* _What you should do_: Exact copy, no pictures: reproduce every record below as it stands.

* _Listed records_:
=====
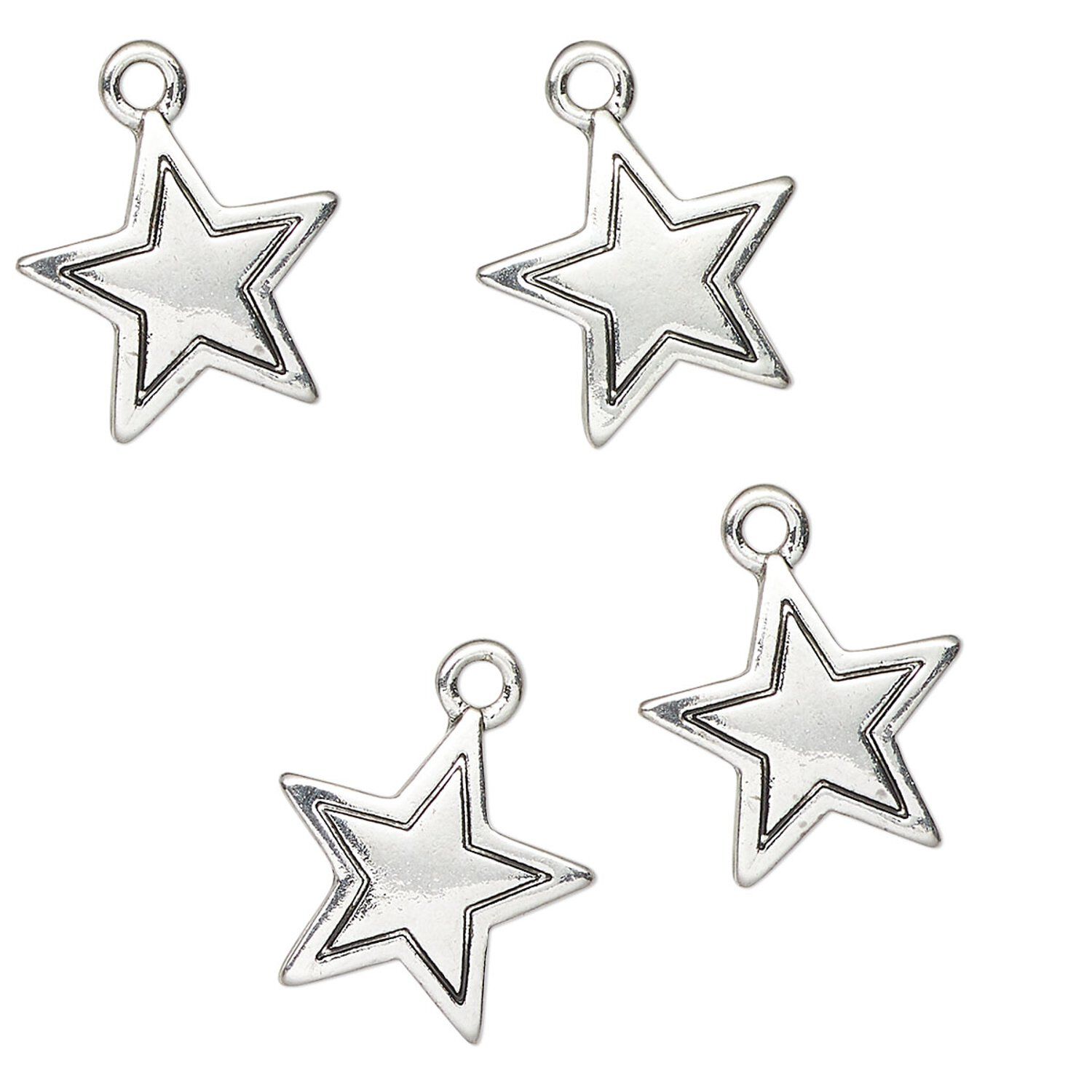Charm, antique silver-finished "pewter" (zinc-based alloy), 15x14mm star. Sold per pkg of 4.
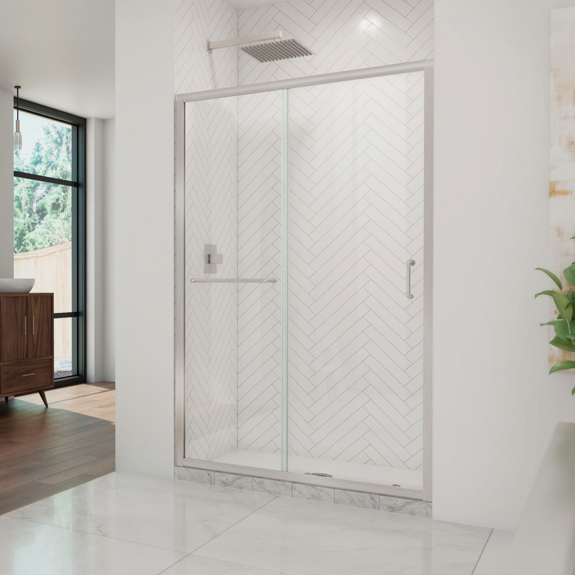 | 9 Set - Bullet 01 | Model Size: 44 - 48 in. W x 72 in. H; Walk-in Opening: 15 – 19 in.; Configuration consists of a Stationary Panel and Sliding Door |
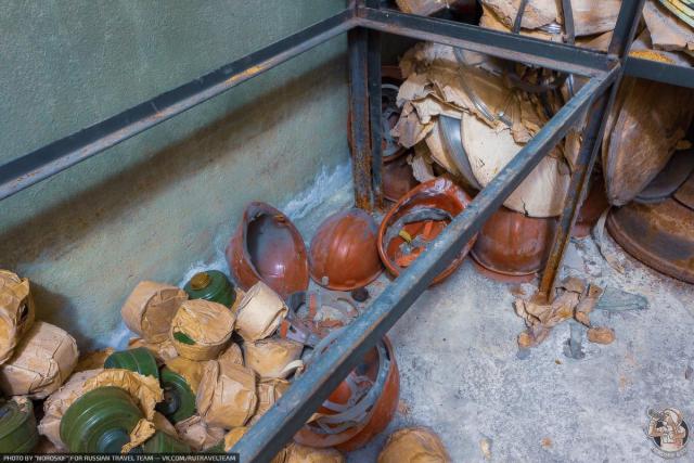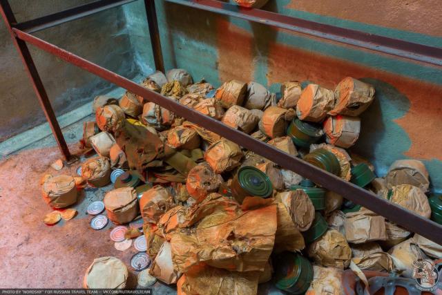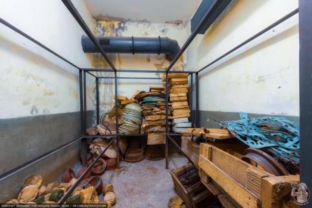 继续前进,作者进入了一个更像战争时期仓库的房间。架子上装满了盒子、成堆的工具和包裹未知物体的秘密药物。他注意到一些上面写着“气体”的大金属罐。这显然是一个空气过滤系统,用于净化空气,用于在化学攻击或放射性污染的情况下进行空气污染。
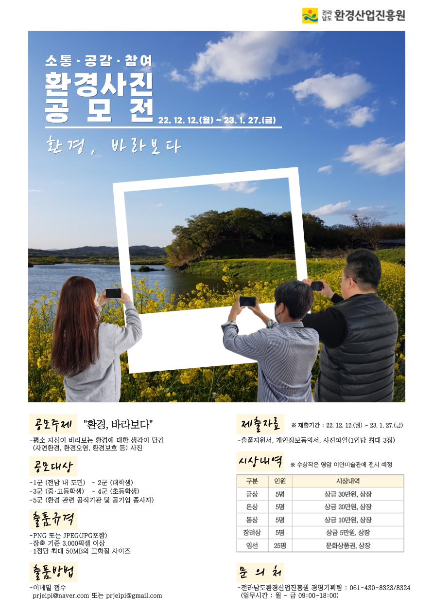 ○ 공모주제 “환경, 바라보다.” - 환경과 관련된 사진(자연환경, 환경오염, 환경보호 등 환경에 관련된 주제면 출품 가능) - 평소 자신이 바라보는 환경에 대한 생각이 담긴(자연환경, 환경오염, 환경보호 등) 사진 ○ 공모대상 - 전라남도에 거주 중인 도민 누구나 ○ 공모기간 - `22년 12월 12일(월) \~ `23년 1월 27일(금) / 47일간 ○ 접수방법 - 이메일 접수(prjeipi@naver.com 또는 prjeipi@gmail.com) ○ 출품형식 - 디지털 사진(장축 기준 3,000 pixel 이상) 1인 최대 3장 ○ 공모분야 : 5개 부문 - 일반부 : 전라남도 도민이면 누구나 참여 가능 - 대학생 : 현재 전남 소재 대학교나 그에 해당하는 학교를 재학 중 이거나 졸업 예정인 자 - 중·고등학생 : 현재 전남 소재 중학교나 그에 해당하는 학교를 재학 중 이거나 졸업 예정인 자 - 초등학생 : 현재 전남 소재 초등학교나 그에 해당하는 학교를 재학 중 이거나 졸업 예정인 자 - 환경 관련 공공기관 및 공기업 종사자 : 전남 소재 공공기관 및 유관단체에 근무중인 자 혹은 환경관련 업체 종사자 ○ 시상 및 전시기간 - 23. 2. 9.(목) \~ 2. 13.(월) / 전라남도 영암 이안미술관 전시 예정 ※ 시상 및 전시 관련 세부 사항은 결과 발표 시 공지 ○ 시상규모 : 총 45점 / 총상금 350만원 - 금상(5명, 각 30만원) / 은상(5명, 각 20만원) / 동상(5명, 각 10만원) / 장려상(5명, 각 5만원) / 입선작(25명, 1만원 상당의 문화상품권) - 장려상 이상의 수상자는 영암이안미술관에서 상장 수여 예정입니다. - 금상, 은상, 동상, 장려상 작품은 이안미술관에 전시됩니다. - 입선작 일부는 전시되며 추후 변동될 수 있습니다. - 수상자 전원은 전라남도환경산업진흥원장 상장을 수여합니다. ※ 제출서류 및 자세한 사항은 전라남도환경산업진흥원 홈페이지의 공지사항을 참고 바랍니다. http://www.jeipi.or.kr/rainboard/rain.php?rBoard=notice&wr_id=257
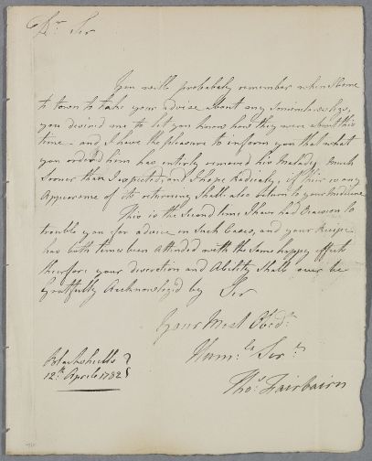 | Summary | Letter from Thomas Fairbairn concerning the case of 'my son-in-law's legs', and thanking Cullen for the cure which has 'entir[e]ly removed his malady'. |
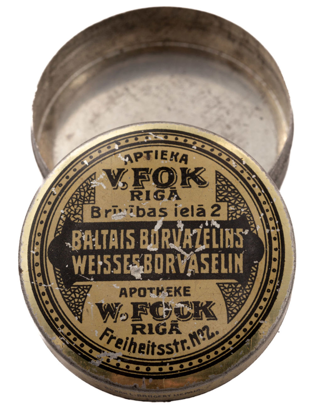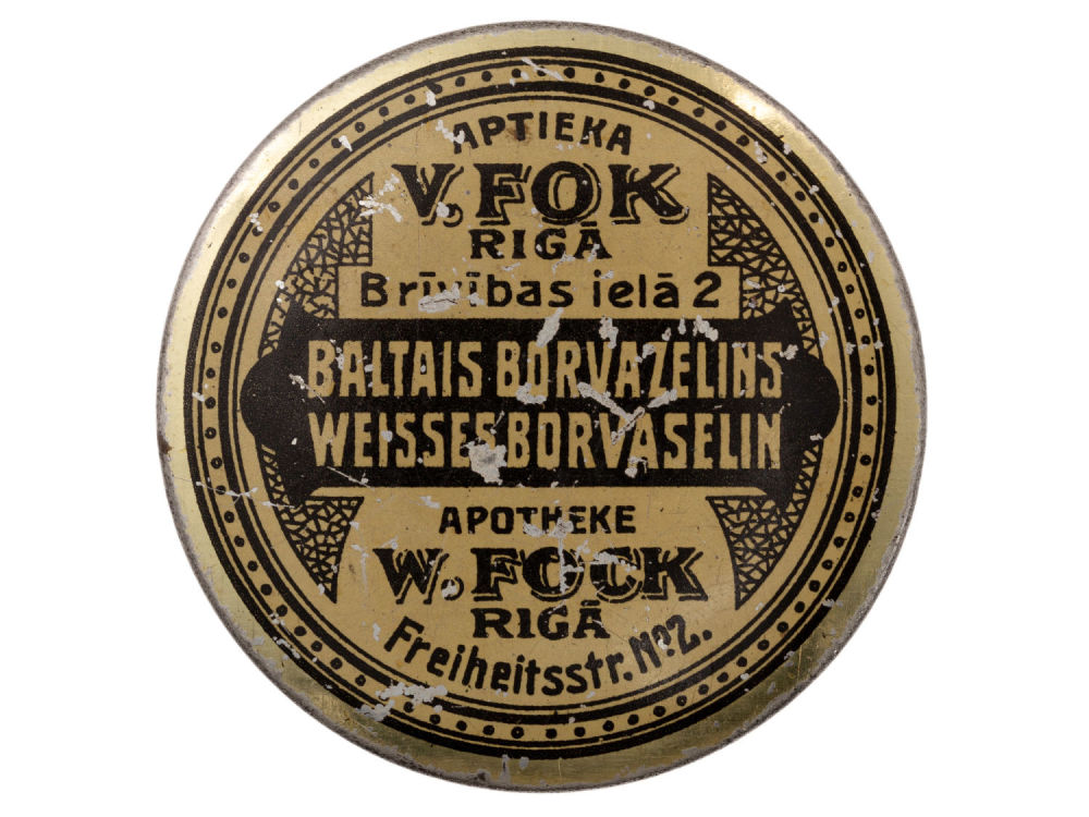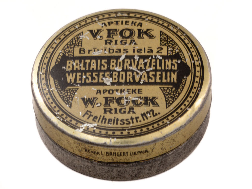 Латвия, Рига. Жесть, печать, фабричное производство. Надписи на крышке: «Aptieka V. Fok Riga Brivibas iela 2», «Baltais Borvazelins Weisses Borvaselin», «Apotheke W. Fock Riga Freiheitsstr. №2.», «Atrak L. Bangert Liepaja». Размеры: высота – 1,5 см; диаметр – 5 см. Состояние: в хорошей сохранности, незначительные утраты красочного слоя.
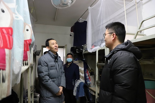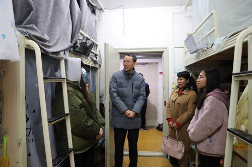 随后,校领导一行前往学生寝室看望留校学生,仔细了解了大家寒假留校原因和假期学习生活安排,勉励同学们要科学规划假期生活,加强体育锻炼,增强身体素质,严格遵守各项疫情防控规定,有困难随时向学校和学院反映。同时,叮嘱同学们寒假期间要多与家人、亲友联系,随时沟通自己的在校情况,注意安全,度过一个平安、欢乐、充实的新春假期。
=====
* _Answer for the task_:
Charm, antique silver-finished "pewter" (zinc-based alloy), 15x14mm star. Sold per pkg of 4.
 | 9 Set - Bullet 01 | Model Size: 44 - 48 in. W x 72 in. H; Walk-in Opening: 15 – 19 in.; Configuration consists of a Stationary Panel and Sliding Door |
 继续前进,作者进入了一个更像战争时期仓库的房间。架子上装满了盒子、成堆的工具和包裹未知物体的秘密药物。他注意到一些上面写着“气体”的大金属罐。这显然是一个空气过滤系统,用于净化空气,用于在化学攻击或放射性污染的情况下进行空气污染。
 ○ 공모주제 “환경, 바라보다.” - 환경과 관련된 사진(자연환경, 환경오염, 환경보호 등 환경에 관련된 주제면 출품 가능) - 평소 자신이 바라보는 환경에 대한 생각이 담긴(자연환경, 환경오염, 환경보호 등) 사진 ○ 공모대상 - 전라남도에 거주 중인 도민 누구나 ○ 공모기간 - `22년 12월 12일(월) \~ `23년 1월 27일(금) / 47일간 ○ 접수방법 - 이메일 접수(prjeipi@naver.com 또는 prjeipi@gmail.com) ○ 출품형식 - 디지털 사진(장축 기준 3,000 pixel 이상) 1인 최대 3장 ○ 공모분야 : 5개 부문 - 일반부 : 전라남도 도민이면 누구나 참여 가능 - 대학생 : 현재 전남 소재 대학교나 그에 해당하는 학교를 재학 중 이거나 졸업 예정인 자 - 중·고등학생 : 현재 전남 소재 중학교나 그에 해당하는 학교를 재학 중 이거나 졸업 예정인 자 - 초등학생 : 현재 전남 소재 초등학교나 그에 해당하는 학교를 재학 중 이거나 졸업 예정인 자 - 환경 관련 공공기관 및 공기업 종사자 : 전남 소재 공공기관 및 유관단체에 근무중인 자 혹은 환경관련 업체 종사자 ○ 시상 및 전시기간 - 23. 2. 9.(목) \~ 2. 13.(월) / 전라남도 영암 이안미술관 전시 예정 ※ 시상 및 전시 관련 세부 사항은 결과 발표 시 공지 ○ 시상규모 : 총 45점 / 총상금 350만원 - 금상(5명, 각 30만원) / 은상(5명, 각 20만원) / 동상(5명, 각 10만원) / 장려상(5명, 각 5만원) / 입선작(25명, 1만원 상당의 문화상품권) - 장려상 이상의 수상자는 영암이안미술관에서 상장 수여 예정입니다. - 금상, 은상, 동상, 장려상 작품은 이안미술관에 전시됩니다. - 입선작 일부는 전시되며 추후 변동될 수 있습니다. - 수상자 전원은 전라남도환경산업진흥원장 상장을 수여합니다. ※ 제출서류 및 자세한 사항은 전라남도환경산업진흥원 홈페이지의 공지사항을 참고 바랍니다. http://www.jeipi.or.kr/rainboard/rain.php?rBoard=notice&wr_id=257
 | Summary | Letter from Thomas Fairbairn concerning the case of 'my son-in-law's legs', and thanking Cullen for the cure which has 'entir[e]ly removed his malady'. |
 Латвия, Рига. Жесть, печать, фабричное производство. Надписи на крышке: «Aptieka V. Fok Riga Brivibas iela 2», «Baltais Borvazelins Weisses Borvaselin», «Apotheke W. Fock Riga Freiheitsstr. №2.», «Atrak L. Bangert Liepaja». Размеры: высота – 1,5 см; диаметр – 5 см. Состояние: в хорошей сохранности, незначительные утраты красочного слоя.
 随后,校领导一行前往学生寝室看望留校学生,仔细了解了大家寒假留校原因和假期学习生活安排,勉励同学们要科学规划假期生活,加强体育锻炼,增强身体素质,严格遵守各项疫情防控规定,有困难随时向学校和学院反映。同时,叮嘱同学们寒假期间要多与家人、亲友联系,随时沟通自己的在校情况,注意安全,度过一个平安、欢乐、充实的新春假期。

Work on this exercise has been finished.